Why don't pull-up/pulldown resistors prevent microcontroller I/O pins from changing state?

Question

Apologies for the vague title, wasn't sure how to summarize the question. I've been struggling with this for two days and feeling a bit desperate.

This is how I understand simple CMOS gates work in principle.

I also understand that microcontroller inputs should not be left floating since due to their high impedance they can self bias if so. So we use pull-up/down resistors. What I struggle to understand is, for example in the below we are providing a constant connection to Vcc.
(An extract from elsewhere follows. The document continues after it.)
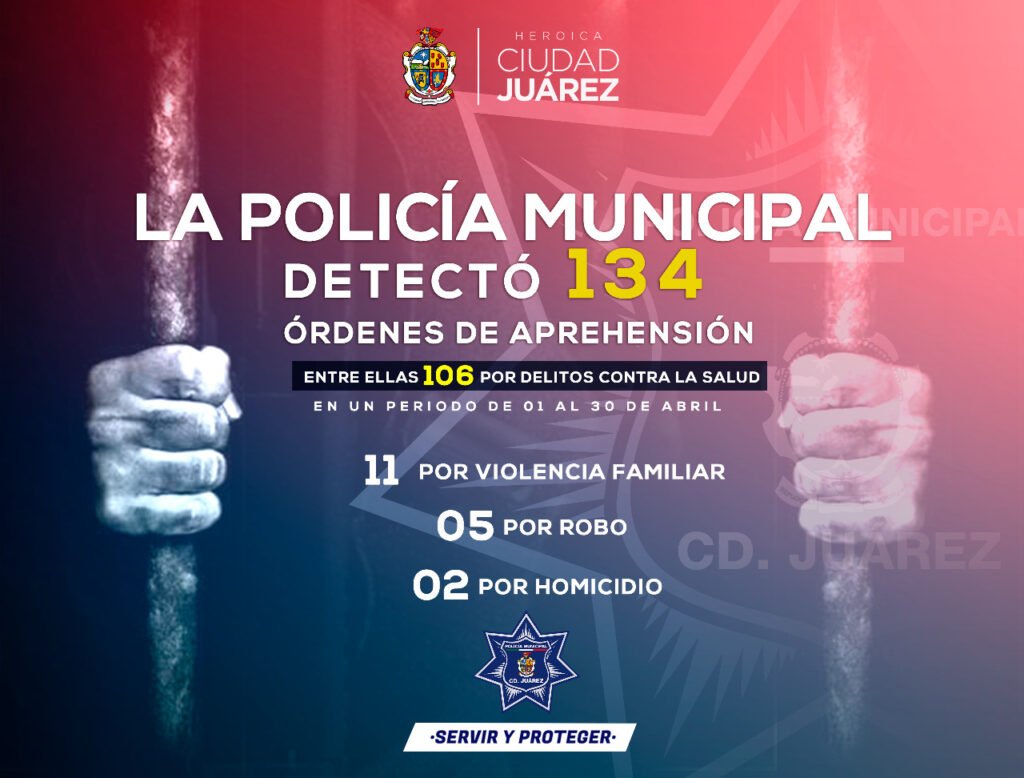 La Secretaría de Seguridad Pública Municipal informa que se detectaron 134 órdenes de aprehensión en un periodo comprendido del 01 al 30 de abril del presente año; entre ellas dos por homicidio.

Why doesn't that permanently peg the input high, or at least cause issues since a 10K resistor is a comparatively low value considering the input impedance of the microcontroller?
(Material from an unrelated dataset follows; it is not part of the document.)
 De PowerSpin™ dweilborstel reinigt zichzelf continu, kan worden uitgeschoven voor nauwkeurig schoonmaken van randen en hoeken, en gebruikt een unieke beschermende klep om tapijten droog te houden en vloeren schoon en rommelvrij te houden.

My understanding is something like this would happen in principle (although of course the pins on the microcontroller would have a somewhat different design than an inverter gate)

Is this correct? If so in principle, unless there are some system specific restrictions, you could choose to design your circuit with either pull-up or pulldown resistors and appropriate switches, as you see fit?

I would really appreciate your input.

Answer 1

The pushbutton is approximately 0 ohms short circuit when it is pushed, so it overrides the voltage to 0V, as the 10k pull-up is so much weaker.

Internal pull resistors are in the 20k to 50k area typically, so having an external pull resistor to one state and internal pull resistor to another state will create problems, it might be that the voltage is something that is an indeterminate digital value, ans extra current flows both via resistors and the FETs.

So basically, either use internal or external resistors if in doubt. Internal pull resistors can typically be enabled or disabled in software, so you are free to choose the external pull direction and value.